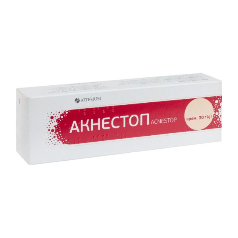 Вважається, що терапевтичну ефективність крему Акнестоп при лікуванні акне зумовлюють його антимікробна дія та безпосередній вплив на фолікулярний гіперкератоз.
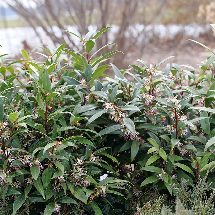 A Proven Winners® ColorChoice® Flowering Shrubs variety, Sarcococca Sweet & Lo™ sweet box is a low-growing, broadleaf evergreen shrub offering year-round interest, blooming late winter to early spring. Borne on deep purple stems, the unusual thread-like and red-tipped white flowers have a delightful fragrance, similar to jasmine, and are an important food source for early pollinators.
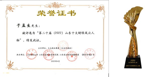 PT视讯(中国区)官网集团总裁于孟生荣膺“2022山东十大财经风云人物”
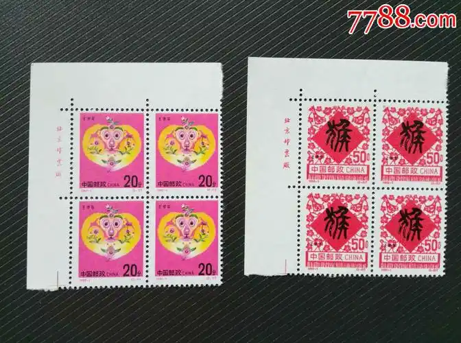 邮票实物图,1992-1二轮生肖猴左上角厂铭方连

---

• **WORK TASK**:
The answer should be the full material above, printed exactly, with no pictures in it.

• **RESPONSE TO THIS TASK**:
 Вважається, що терапевтичну ефективність крему Акнестоп при лікуванні акне зумовлюють його антимікробна дія та безпосередній вплив на фолікулярний гіперкератоз.
 A Proven Winners® ColorChoice® Flowering Shrubs variety, Sarcococca Sweet & Lo™ sweet box is a low-growing, broadleaf evergreen shrub offering year-round interest, blooming late winter to early spring. Borne on deep purple stems, the unusual thread-like and red-tipped white flowers have a delightful fragrance, similar to jasmine, and are an important food source for early pollinators.
 PT视讯(中国区)官网集团总裁于孟生荣膺“2022山东十大财经风云人物”
 邮票实物图,1992-1二轮生肖猴左上角厂铭方连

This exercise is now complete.